Current market rent is significantly down since the height of the boom, so many tenants are exercising break options in their leases; sometimes as a tool to negotiate a reduced rent and agree better terms with their landlord, or simply to walk away from a premises and seek better value elsewhere. A word of caution: Break options are very strictly construed so a tenant should ensure that they follow the wording of the “break clause” to the letter, both in terms of when and how they serve their “break notice”, and by closely following any requirements set out in the clause. Time is typically stated to be of the essence, so a day late in serving your break notice could cost you dearly. In addition, as a tenant, you must be prepared to leave the premises in the event that you exercise your break, and don’t just use it as a tool to negotiate a better rent. If the landlord accepts your exercise of the break option, you can’t subsequently withdraw your notice, unless the landlord agrees, and you will have to vacate the premises on the “break date”.
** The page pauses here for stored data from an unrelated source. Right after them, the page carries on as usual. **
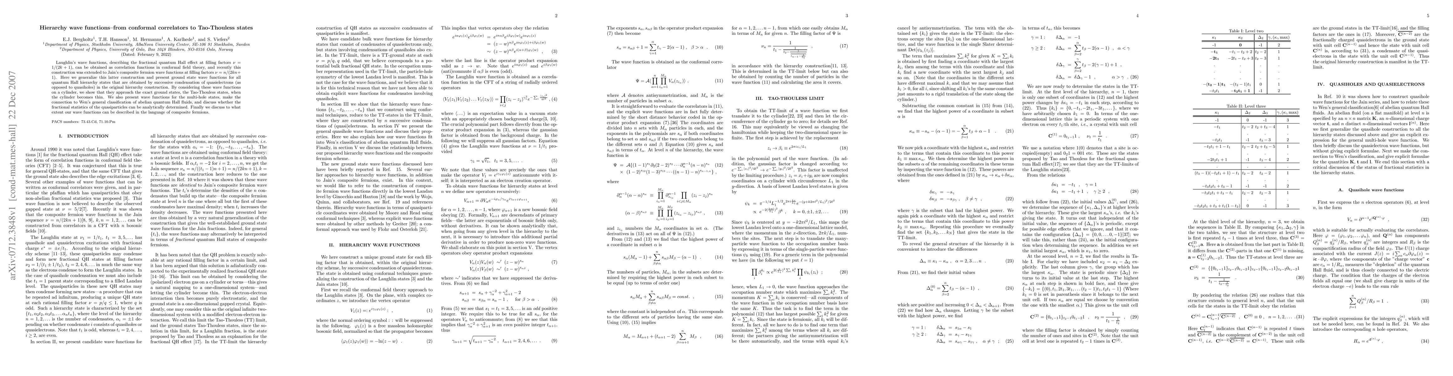This paper generalizes wave functions for quantum Hall hierarchy states by extending the conformal field theory approach, showing their convergence to exact Tao-Thouless states on thin cylinders. It also discusses multi-hole states and their relation to Wen's classification and the feasibility of analytically determining quasiparticle statistics.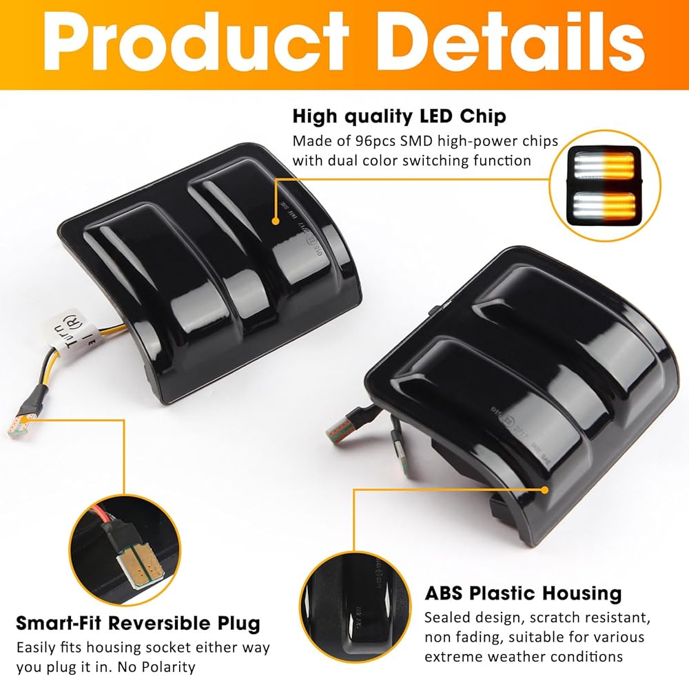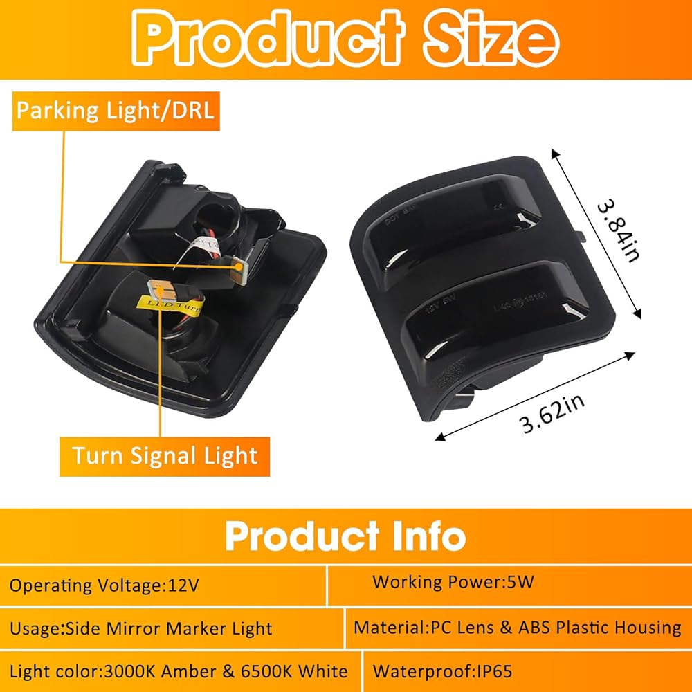 سهلة التركيب -- التوصيل والتشغيل، استبدال مباشر لضوء علامة مرآة المصنع، لا حاجة إلى تعديل أو تشذيب، لا حاجة لمقاومات إضافية أو مرحل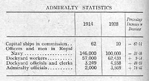 下图源自 1914 年和 1928 年的海军统计数据。当时的批评集中在可用于作战的人员数量急剧下降与仅可用于行政管理的人员数量急剧上升之间的对比,据说这创造了“一支陆地上的宏伟海军”。但那种对比与当前目的无关。我们需要注意的是,1914 年的 2000 名海军部官员到 1928 年已经变成了 3569 人;而这种增长与他们工作量的任何可能增加都无关。事实上,在那段时期,海军的人员减少了三分之一,舰船减少了三分之二。而且,从 1922 年起,海军的实力甚至不再预期会增加,因为其舰船总数(不同于官员总数)受到了那年《华盛顿海军条约》的限制。然而在这种情况下,14 年间海军部官员增加了 78.45%,平均每年比早期总数增加 5.6%。实际上,正如我们将看到的,增长率并不像那样规律。在这个阶段,我们只需考虑给定时期内的百分比增长。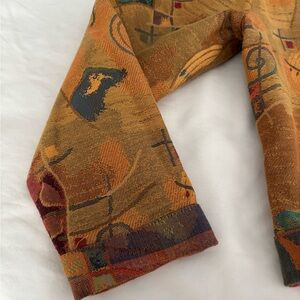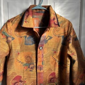 Lightweight woven tapestry spring jacket by I believe to be Winding River. Features a tribal-inspired design in rich tones of green, blue, red, and gold, set against warm brown hues. Reversible blazer-style design with attractive buttons on both sides, allowing it to be worn either way for two distinct looks. In excellent, like-new condition. Tags were removed prior to wear and are no longer attached. No sizing on the jacket, but I’ve included measurements. I believe it to be a small medium.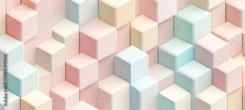 © Iqra, Obraz premium A clean minimalist pattern with pastel-colored cubes
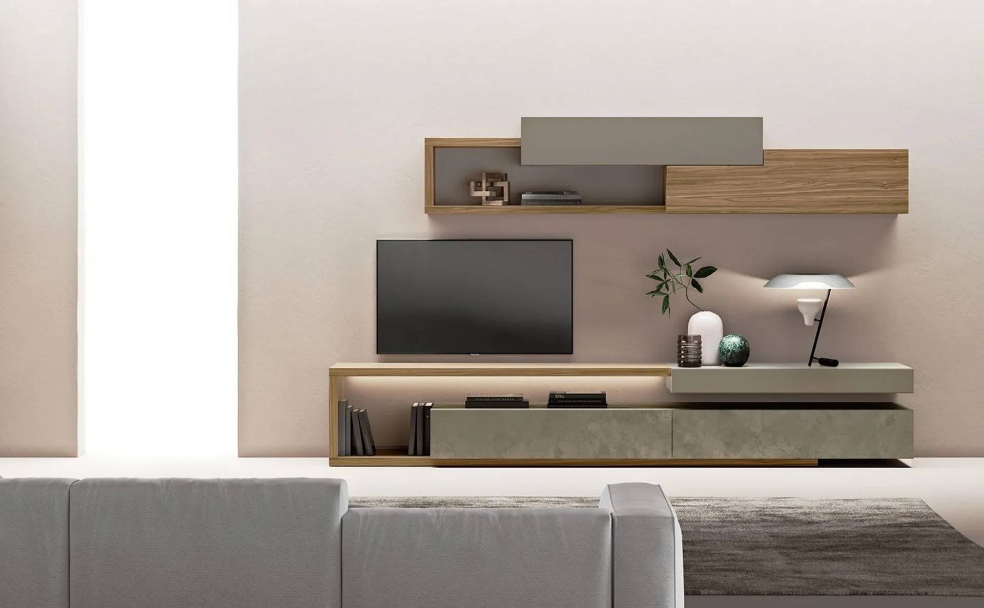 Composition murale équipée Horizon 1020 de Mobilgam pour le salon en bois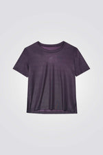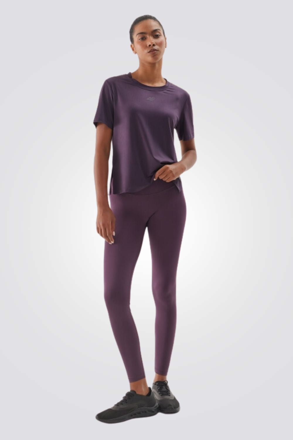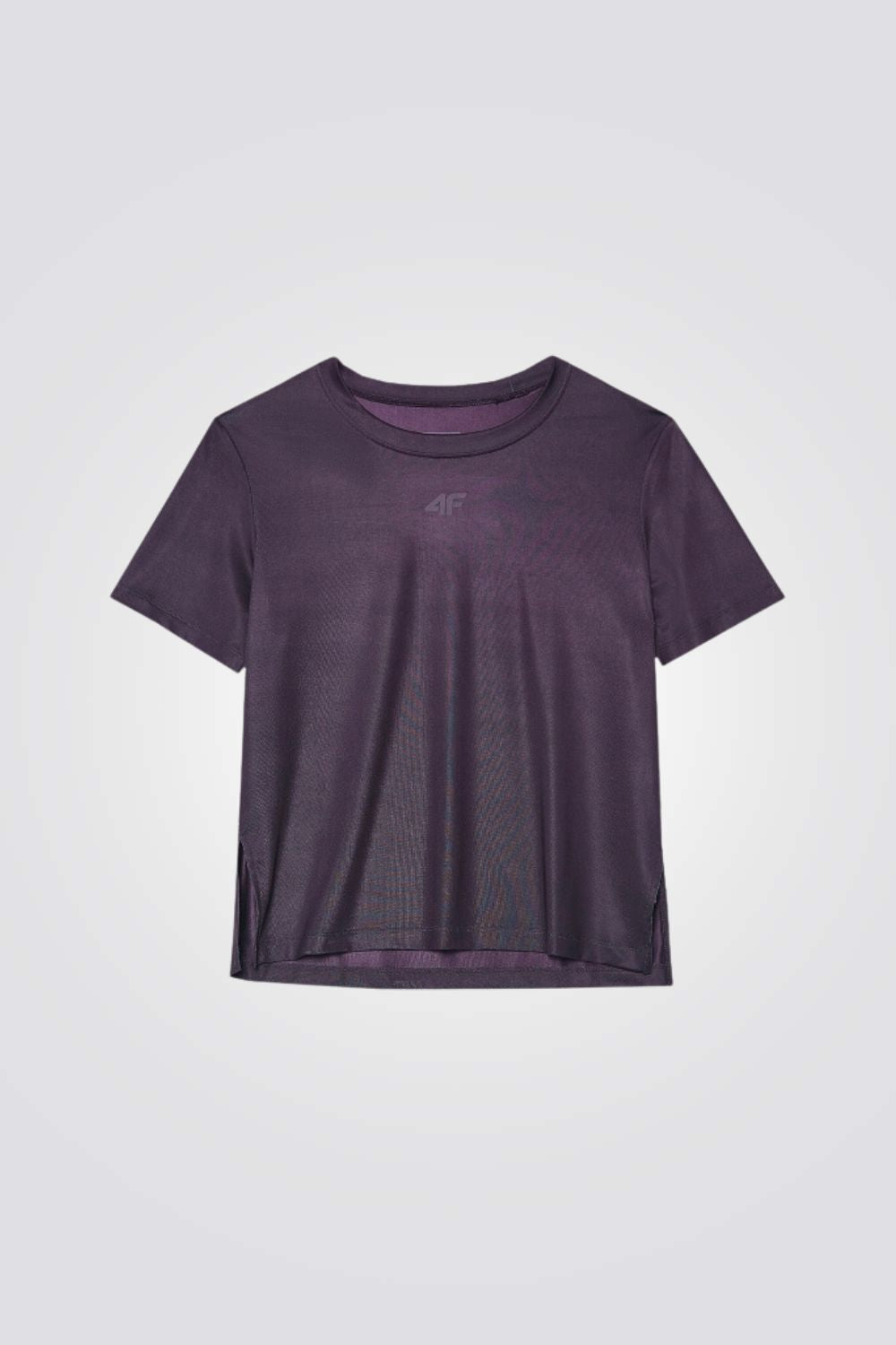 טישירט לנשים מבית המותג F4, בצבע סגול כהה עשויה מבד מנדף זיעה, קלילה ונוחה ומתאימה לאימונים.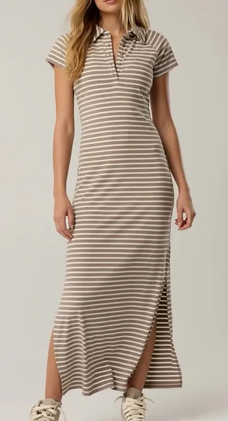 OFFLINE By Aerie Thumbs Up Heavyweight Polo Maxi Dress Size Large Ribbed Striped Brown - $56 - From susie

It is important to check the status of the landlord prior to service of the break notice to determine whether a receiver or liquidator has been appointed. In the case of a liquidation, the liquidator assumes full power over the assets of a company to the exclusion of others, with exceptions, and as such, it would generally be the case that a notice should be served on the liquidator. Where a receiver has been appointed, this does not change the legal status of the company and the receiver is usually appointed as agent of the entity in receivership. Accordingly, the notice should still be served on the landlord. It may, however, be advisable to serve notice on the receiver also.
Previously many landlords didn’t concern themselves too much with dilapidations, as tenants were plentiful and a landlord could secure a new tenant with little or no difficulty. This has changed and many tenants vacating premises now find themselves being presented with astronomical bills in respect of dilapidations.
A useful piece of legislation that may be relied on by tenants in this situation is Section 65 of Landlord and Tenant Amendment Act 1980. In the event that a landlord is seeking excessive dilapidations, and should the disagreement go to court or arbitration, the tenant may rely on this section to restrict the dilapidations to the actual value that the landlord’s reversionary interest in the premises is reduced by due to the dilapidations.
With the abolition of upwards only rent review clauses, there are a number of methods by which a landlord can attempt to avoid a reduction of rent such as; landlord only trigger of rent review, turnover rents in retail units, agreement of fixed/stepped rents or CPI linked rent review clauses.
Date for our Diaries
The Supreme Court hearing of the landmark case Ickendel Limited -v- Bewleys Café Grafton Street Limited  IEHC 293 in relation to the Grafton Street was heard recently and the decision is expected shortly. The High Court case ruled in favour of the tenant and in summary held that the baseline rent for rent reviews going forward, should be the initial rent, not the rent agreed at the previous rent review. Although the High Court case was very much decided on the particular facts of the case, the wording of the relevant clause is relatively common and it is not known how many pre 2010 leases could be impacted from this decision.